Happy Birthday Jonah!

25.9.08

That's $700 billion... with a "B"!


There has been a lot of talk lately about the financial meltdown taking place in our nation's financial sectors... i am just wondering if the vast majority of folks are really taking notice of the whole deal? A $700 BILLION dollar "bail-out"?!? Whoa!

i don't pretend to have any real great knowledge of the issues that have caused what has happened to happen but i do know this... the continual pointing of fingers is getting pretty darn old. At some point don't we ALL just sort of roll up our sleeves and collectively say let's fix this?!?

i subscribe to a book summary deal, where get regular emails with book summaries attached and one i received not too long ago had this book attached to it, The Post-American World by Zakaria Fareed.

In this book Fareed makes the following astounding but accurate observation...
"The…American political system seems to have lost its ability to create broad coalitions that solve complex issues. The economic dysfunctions…are the consequences of specific government policies." "The American political system has lost the ability for large-scale compromise, and it has lost the ability to accept some pain now for much gain later on." "The United States…has developed a highly dysfunctional politics." "[It] has been captured by money, special interests, a sensationalist media, and ideological attack groups."
Now don't get me wrong there is a ton of other stuff i read in the book summary that i have a few problems with but in this regard... this inability to create "broad coalitions and solve complex issues" within our own nation... should be a "Houston... we have a problem..." wake up call!

What is our problem? Why can't we disagree without getting all nasty and stuff?
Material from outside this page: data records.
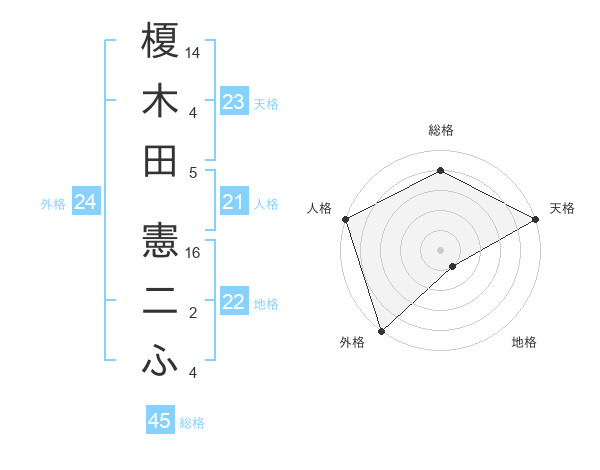 榎木田 憲二ふさんを姓名の画数から五運を鑑定
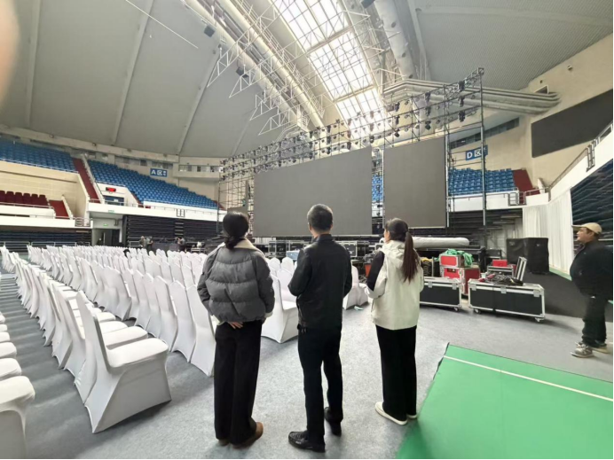 眼下,演出已进入倒计时,企业聘请的专业舞台搭建团队正有条不紊推进舞台施工。城区审批局领导高度重视,带队前往演出场地开展现场视察工作。现场,领导一行详细询问舞台搭建的进度安排、安全保障措施及应急处置预案,实地查看场地消防设施配备、应急通道规划、安保力量部署等关键环节,叮嘱企业务必压实安全主体责任,严格按照规范标准推进施工,确保各项安全要求落实落细。
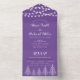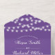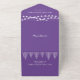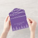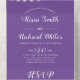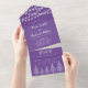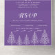 Trees and string lights on purple winter all in one wedding invitation. It features white trees and string lights on purple background. The names are in script typography and the tear off RSVP card can be detached.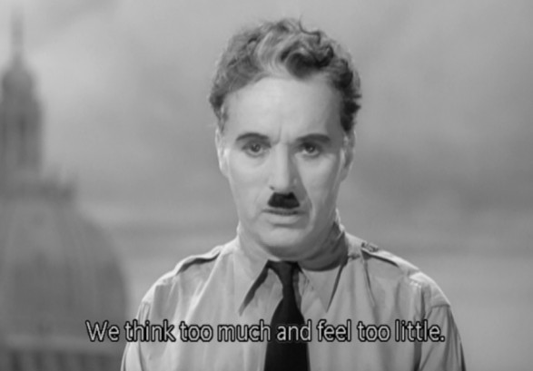 Odličen govor, ki ga je uprizoril Charlie Chaplin v filmu Veliki diktator (The Great Dictator). Priporočam ga vsem, ki ga še niste gledali ali pa ne poznate, saj je zelo navdušujoč in pozitiven, kljub temu, da igralec igra velikega diktatorja.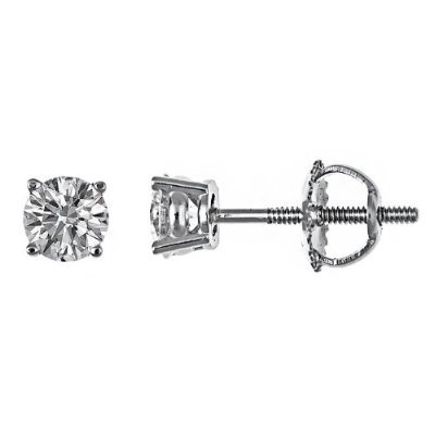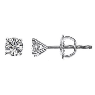 Round Brilliant Cut Diamond Stud Earrings 4-Prong Set 14k White Gold (1.17 Cttw, VS Clarity, H Color): Features !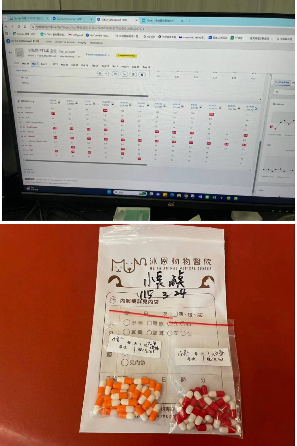2026年2月2日於沐恩回診,此次血檢無特別須注意指數,但聽診時發現有些心雜音但醫師表示並不嚴重,因此可持續觀察,牙齦兩側還是有紅,下巴比之前腫一些。但白血球裡面的淋巴球太活躍,綜合上述檢查結果,在今天需施打高劑量干擾素。後再於3月2日回診,這次下巴淋巴結偏腫,需要持續觀察右邊嘴角有沒有變嚴重,以及下唇是否有更腫,觸診沒發現異常,聽診沒發現異常但肝指數稍高,其他指數都持平。2026年3月24日於沐恩回診,此次施打高劑量干擾素,血檢結果顯示腎指數升高須改吃腎處方飼料,因紅腫狀況已逐漸好轉先將止痛改為低劑量並持續觀察,於一個月後再回診。本筆醫助為2026年3月24日於沐恩醫院的費用,包含看診血檢及各項用藥。

Or why can't we drop labels and do the right thing, when it's time to do the right thing? i know what many of you are probably thinking... Hey that's what being an American is all about!!! i am not too sure about that but i do know if ever there was a time to try our very level best to be ONE nation... i think this may be it.


11.9.08

Never Forget....

i have to admit, it always catches me a bit off guard... as i sit here this morning at Starbucks and listen to the reading of the names... i get very emotional... it's not embarrassing it really hurts... a lot.

All i remember is eating a bowl of cereal rather quickly trying to get out of the door for the start of what was a cool, bright, sunny, fall-ish day. By the end of that day almost 200 people would come together in the worship center of where i served in ministry, trying to make sense of what had occurred that morning as i finished a bowl of corn flakes....

Even now, as i hear these names read aloud all i can think of is, in fact, the terror of the day. Maybe that is a sign of weakness or whatever but that day caused me and countless millions to weep tears that still sting our cheeks to this day.

Many people and pundits talked then and still today (seven years later) of how for that brief moment we (the US) had the sympathy of the world and how we ultimately squandered that by prosecuting questionable military actions around the world, blah, blah, blah.... all i know is that looking at the television screen that morning September 11th, 2001, the only thing that mattered was finding out if my mother, brother and sister- in-law who lived and worked in New York City at the time were alright. i didn't want sympathy, i wanted answers.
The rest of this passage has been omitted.